Stock Loan Lowdown, Part Two: To Dismiss or Not to Dismiss?

“To dismiss or not to dismiss” is the question that Judge Failla presently mulls, and will likely continue to do for the coming weeks. Or months? Anticipation is running high here at the Manipulation Monitor, so let’s hope it is not a question of years.

For those of you who may be wondering what, exactly, is at risk of dismissal, a prudent proposition may be to promenade yourself into the recent past for a perusal of a popular post on this very topic – the original Stock Loan Lowdown.

Now that we’re all up to speed, it’s time to dig in to the defenses put forward by the Prime Broker Defendants in their motion to dismiss papers, filed back in January 2018. Defendants’ arguments cover four main topics: first, Plaintiffs failed to adequately allege a violation of the Sherman Act; second, Plaintiffs lack antitrust standing; third, Plaintiffs’ claims are time barred; and fourth, Plaintiffs have failed to state a claim for unjust enrichment. Let’s get started.
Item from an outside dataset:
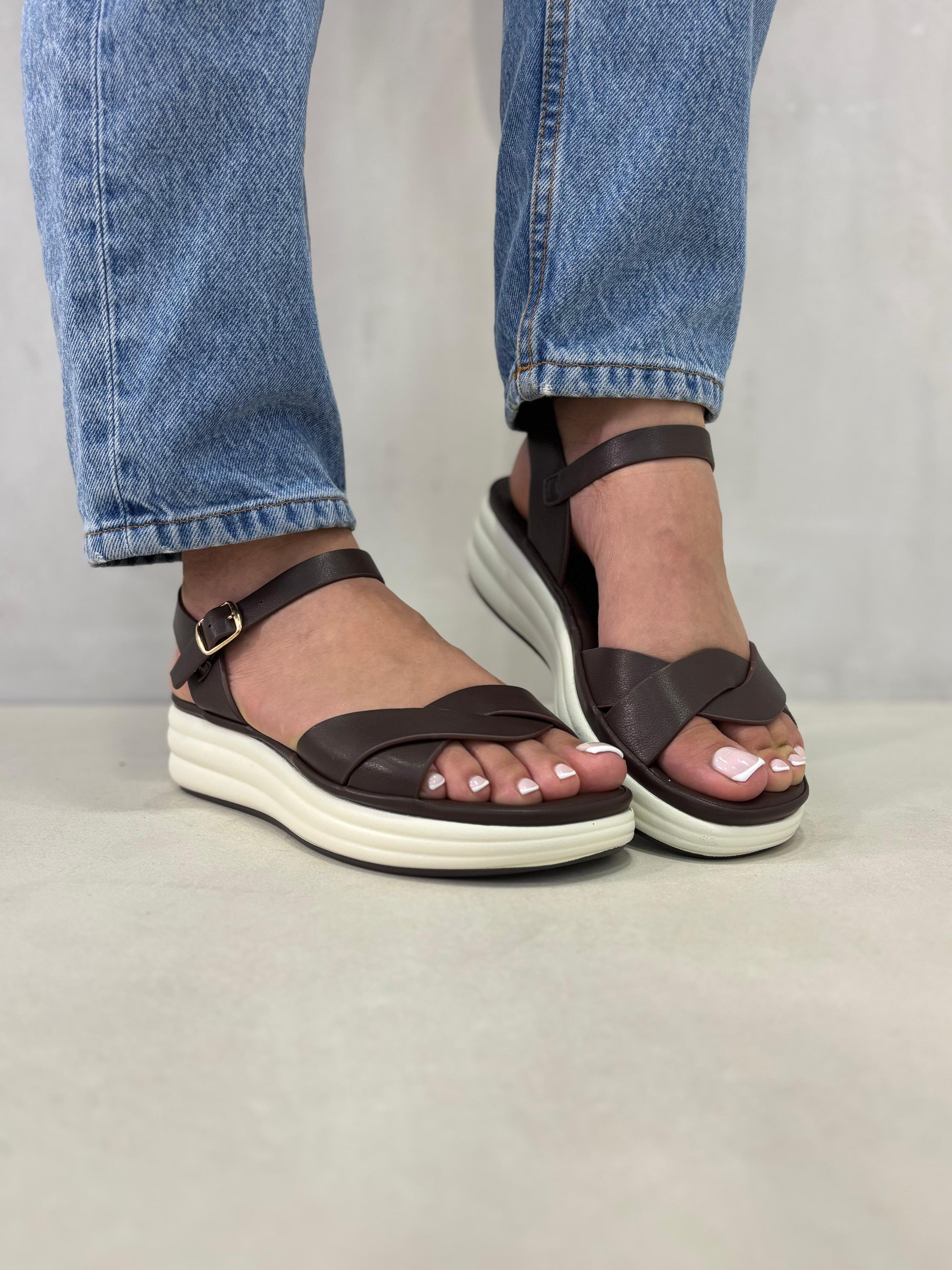 Estas sandalias color café con plataforma bicolor combinan comodidad y estilo contemporáneo. Su diseño con tiras cruzadas y hebilla metálica dorada ofrece un ajuste seguro y un toque elegante. Ideales para el día a día o salidas informales donde quieras mantenerte cómoda sin perder el estilo.

Adequacy of Allegations under the Sherman Act

  1. Plausibility

The first argument put forward by the Prime Broker Defendants goes directly to the heart of Plaintiffs’ allegations: is the conspiracy they allege not just “conceivable,” but plausible, as required under Twombly? Defendants argue that it is not, and their leading reason is, on its face, a simple one: stock loans are poorly suited to anonymous trading. That is to say, because lenders are able to recall loaned shares at any time, a rational borrower seeks not an anonymous trade via an exchange, but rather to develop relationships with the source of their loans and thus minimize the risk that those loaned shares will be recalled. Proof of this, Defendants assert, is the fact that such an exchange did not emerge despite the actions of the Defendants, given that there are numerous other prime brokers who could have participated if demand existed.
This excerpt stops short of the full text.